Murdock, J., dissenting: Congress, in the sections of the Code applicable hereto, has provided that earnings of the divorced husband, which he must report as a part of his gross income, are income a second time when paid to the divorced wife even though no earning- or profit-creating transaction or circumstance has intervened to make them income a second time. That does not seem feasible. Furthermore, the language used would make the payments*261 income to the divorced wife even though the former husband necessarily paid them out of his capital. That is also difficult to understand.
Footnotes
1.
SEC. 22 . GROSS INCOME.(k) Alimony, Etc., Income. -- In the case of a wife who is divorced or legally separated from her husband under a decree of divorce or of separate maintenance, periodic payments (whether or not made at regular intervals) received subsequent to such decree in discharge of, or attributable to property transferred (in trust or otherwise) in discharge of a legal obligation which, because of the marital or family relationship, is imposed upon or incurred by such husband under such decree or under a written instrument incident to such divorce or separation shall be includible in the gross income of such wife, and such amounts received as are attributable to property so transferred shall not be includible in the gross income of such husband. This subsection shall not apply to that part of any such periodic payment which the terms of the decree or written instrument fix, in terms of an amount of money or a portion of the payment, as a sum which is payable for the support of minor children of such husband.
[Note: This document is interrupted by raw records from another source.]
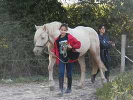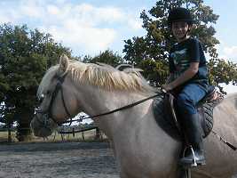 L'année dernière, je suis allée chez Sandra, une amie de maman. Pourquoi ? pour faire du cheval ! car elle en a un qui s'appelle Malabar. Ce jour là, j'ai passé une après-midi géniale. |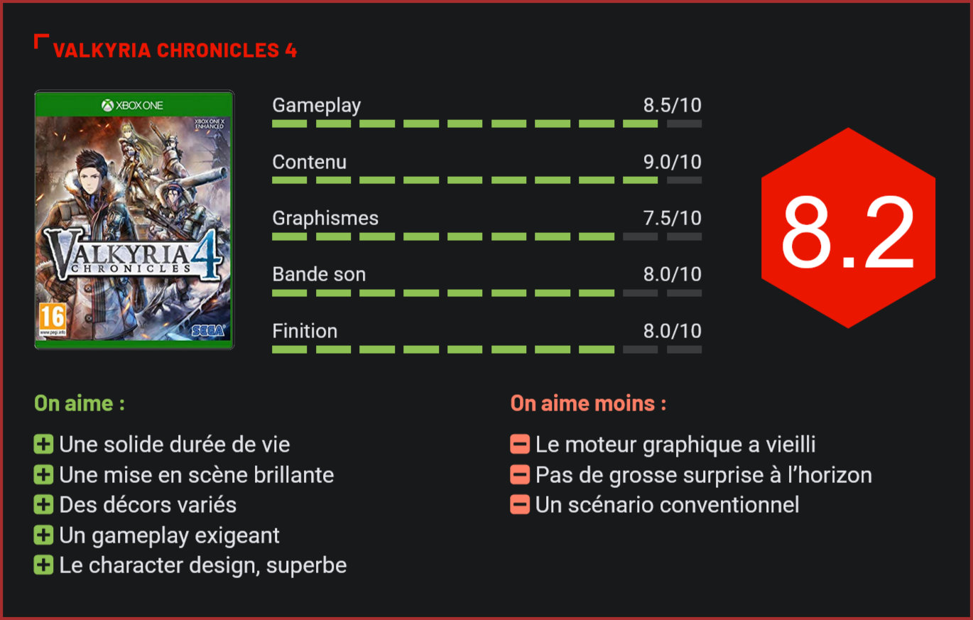 Après le très décevant Valkyria Revolution, Sega tente de redonner un souffle à une franchise que l’on pensait définitivement enterrée. Jamais sorti en Europe, Valkyria Chronicles 3 avait enterré tout espoir de voir un jour la série renaître de ses cendres en Occident. En 2017 pourtant, Sega nous livrait un spin-off de la franchise, disponible sur presque toutes les plates-formes. Malheureusement, le titre était loin d’être aussi bon qu’on l’aurait espéré. Les ventes désastreuses de ce volet conduiront de nombreux fans à tirer des conclusions alarmistes sur la viabilité de la franchise. Mais c’était sans compter sur le succès des rééditions des deux premiers volets sur Steam et PS4, qui poussèrent Sega à annoncer un quatrième volet sur presque toutes les plates-formes, début 2018. Et, bonne nouvelle pour les fans, Valkyria Chronicles 4 tient toutes ses promesses. Le jeu de Sega reprend l’ADN de ses ancêtres, sans jamais trahir ses origines. Les fans seront ici en territoire connu. Les autres découvriront un jeu de stratégie au tour par tour d’une richesse impressionnante. Beaucoup plus stratégique que la plupart des tactical-RPG que l’on trouve dans le commerce, Valkyria Chronicles exige une bonne dose de concentration de la part du joueur, qui devra prendre en compte de nombreux facteurs pour remporter la partie. Avec un nombre d’unités limité, il devra éliminer les forces ennemies présentes sur le terrain de jeu. Comme dans les précédents volets de la série, l’environnement joue ici un rôle central puisque les décors et les conditions météorologiques sont les deux principaux facteurs à prendre en compte dans les affrontements. Contrairement aux autres tactical, Valkyria Chronicles met en scène des unités équipées d’armes à feu – et non pas d’armes blanches. Par conséquence, la plupart des affrontements se font sur de longues distances. Snipers, grenadiers, chars et fantassins devront être déployés de façon intelligente sur le terrain. Les couvertures joueront ici un rôle central dans la résolution des missions. Très stratégiques, les affrontements nécessiteront beaucoup d’attention de la part du joueur, qui devra étudier les déplacements adverses et réagir en fonction de ceux-ci, en contrant ses mouvements avec les bonnes unités et en mettant en place des combinaisons complexes. Valkyria Chronicles 4 est toutefois plus accessible que ses ancêtres. D’une part, parce que déplacer certaines unités est désormais moins « coûteux » que par le passé. Il est ainsi beaucoup plus simple de déplacer son char sur le terrain de jeu. D’autre part, parce que Sega a sensiblement changé les règles de jeu, permettant par exemple à un sniper de riposter à un tir pendant le tour de jeu adverse. Le jeu gagne énormément en fluidité et en dynamisme. Au niveau des unités, Sega introduit deux nouveautés dans ce quatrième volet : le cuirassé, qui offrira un support efficace à vos troupes sur le terrain en pilonnant les positions adverses, et l’artilleur, un fantassin qui est capable de tirer des mortiers sur les positions adverses, qui vient ajouter une dose de complexité au jeu. Cette unité permet en effet de toucher des adversaires planqués, qui étaient jusqu’ici impossibles à déloger. Pour le reste, pas de grosse surprise à l’horizon. Le scénario du jeu s’inscrit dans la continuité des précédents volets, en proposant toujours de s’immerger dans le conflit qui oppose l’Alliance Impériale et la Fédération Atlantique – il ne faudra pas chercher bien loin pour trouver l’inspiration… -, un système d’évolution des personnages basé sur l’expérience acquise sur le terrain, des combats de boss haletants, une mise en scène d’un dynamisme racoleur et des cartes particulièrement bien imaginées qui forceront le joueur à se creuser la tête pour tirer parti de leur verticalité et de leur profondeur. Si le scénario du jeu reste très banal, Valkyria Chronicles peut se targuer de proposer une expérience de jeu très riche avec son gameplay complexe et son système de perma-death. Une unité abattue qui n’a pas été soignée dans les quatre tours suivant sa mise au tapis quittera définitivement l’aventure… Exigeant, Valkyria Chronicles séduit par sa complexité. N’espérez d’ailleurs pas le plier en quelques heures. Le jeu de Sega fait partie de ces titres qui exigent de s’y plonger durant des dizaines d’heures pour voir le bout de l’aventure. On appréciera au passage les nombreux collectibles à récupérer, la présence d’un Season Pass, qui promet une durée de vie à rallonge, et le très gros travail de Sega sur les compositions musicales et bruitages. Visuellement, Valkyria Chronicles 4 s’en sort également très bien sans forcément briller. Difficile d’un côté de ne pas être séduit par le moteur graphique du jeu, ses décors en cell-shading et ses personnages attachants. D’un autre côté, le moteur du jeu a très mal vieilli et Valkyria Chronicles 4 tient difficilement tête aux grosses productions les plus récentes. Certes, son esthétique conserve un charme certain, mais on est très loin des résultats que l’on est en droit d’attendre sur Xbox One ou PS4. Au final, s’il n’est probablement pas aussi rafraîchissant que le premier volet, ce quatrième épisode de la série tient toutes ses promesses et s’impose comme une suite très aboutie, dans la continuité directe du troisième volet. Pas de grosse surprise à l’horizon pour les fans, mais un épisode qui délivre exactement ce qu’on attendait de lui et qui redonne ses lettres de noblesse à une franchise que l’on pensait enterrée avec la sortie de Valkyria Revolution… Conclusion S’il ne surprend pas, ce quatrième volet de la série redonne ses lettres de noblesse à une franchise que l’on pensait définitivement enterrée depuis la sortie de Val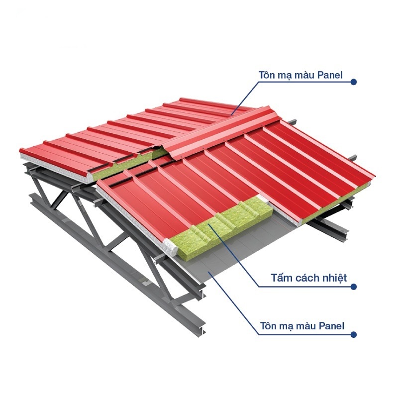 - Lớp bề mặt: Thường là tôn mạ kẽm hoặc tôn mạ màu cao cấp, được sơn tĩnh điện để tăng tính thẩm mỹ và độ bền.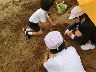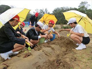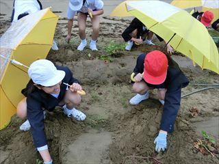 2025年10月14日 16時55分10月14日(火)は,あいにくの天気でしたが,傘をさしてさつま芋ほりをしました。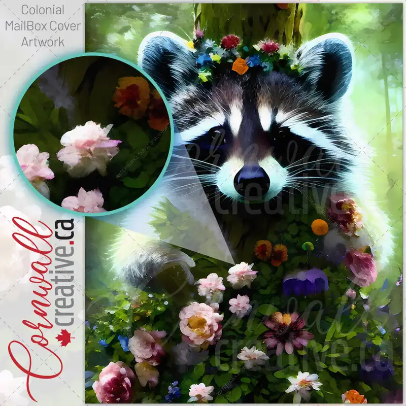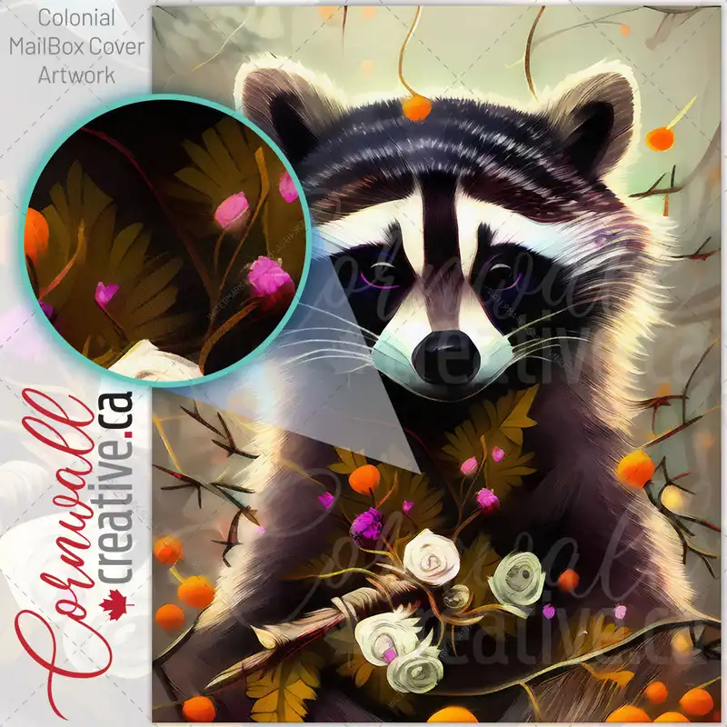 Raccoon with Flowers #3 Colonial Mailbox Cover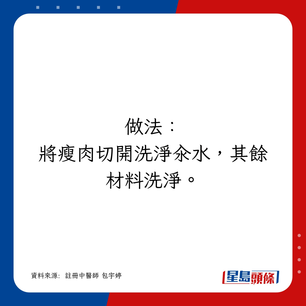 瘦肉切開洗凈汆水,其余材料洗凈。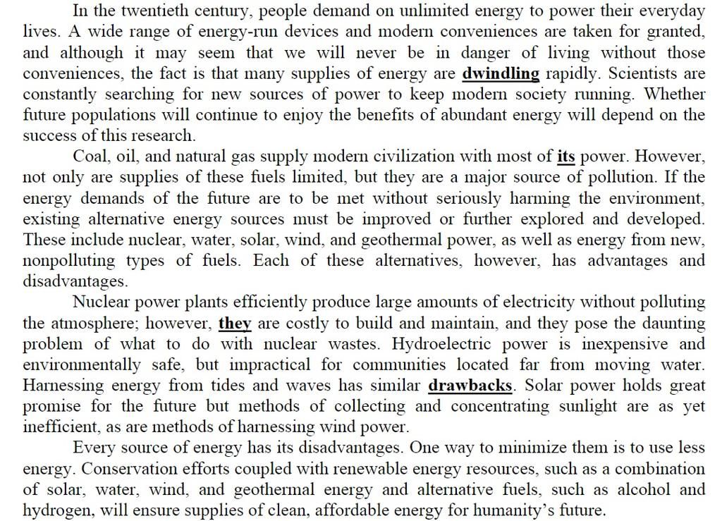 Bài văn bao gồm `4` đoạn nhỏ, những dẫn chứng trên chỉ là một vài ý, đọc từng đoạn sẽ thấy được bài văn chủ yếu thảo luận ưu nhược điểm của một số nguồn năng lượng.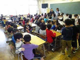 今日は、二年生が主催して「一年生といっしょに遊ぼうの会」が開かれました。二年生が雄一年生を招いて、グループごとに工夫して校庭で一緒に遊びました。鬼ごっこ、ドッジボール、なわとび、だるまさんがころんだ、等々の遊びで、みな楽しそうに仲よく遊びました。二年生がお兄さん・お姉さんとして大活躍しました。

In case any such periodic payment is less than the amount specified in the decree or written instrument, for the purpose of applying the preceding sentence, such payment to the extent of such sum payable for such support, shall be considered a payment for such support. Installment payments discharging a part of an obligation the principal sum of which is, in terms of money or property, specified in the decree or instrument shall not be considered periodic payments for the purposes of this subsection; except that an installment payment shall be considered a periodic payment for the purposes of this subsection if such principal sum, by the terms of the decree or instrument, may be or is to be paid within a period ending more than 10 years from the date of such decree or instrument, but only to the extent that such installment payment for the taxable year of the wife (or if more than one such installment payment for such taxable year is received during such taxable year, the aggregate of such installment payments) does not exceed 10 per centum of such principal sum. For the purposes of the preceding sentence, the portion of a payment of the principal sum which is allocable to a period after the taxable year of the wife in which it is received shall be considered an installment payment for the taxable year in which it is received. (In cases where such periodic payments are attributable to property of an estate or property held in trust, see
section 171 (b)↩ .2.
SEC. 3803 . SEPARABILITY CLAUSE.If any provision of this title, or the application thereof to any person or circumstances, is held invalid, the remainder of the title, and the application of such provisions to other persons or circumstances, shall not be affected thereby.↩
3. The report of the House Committee on Ways and Means (Rept. No. 2333, 77th Cong., 2d Sess., pp. 71-72) is in this respect identical.↩
4.
SEC. 171 . INCOME OF AN ESTATE OR TRUST IN CASE OF DIVORCE, ETC.(b) Wife Considered a Beneficiary. -- For the purposes of computing the net income of the estate or trust and the net income of the wife described in
section 22 (k) or subsection (a) of this section, such wife shall be considered as the beneficiary specified in this supplement. A periodic payment undersection 22 (k)↩ to any part of which the provisions of this supplement are applicable shall be included in the gross income of the beneficiary in the taxable year in which under this supplement such part is required to be included.5.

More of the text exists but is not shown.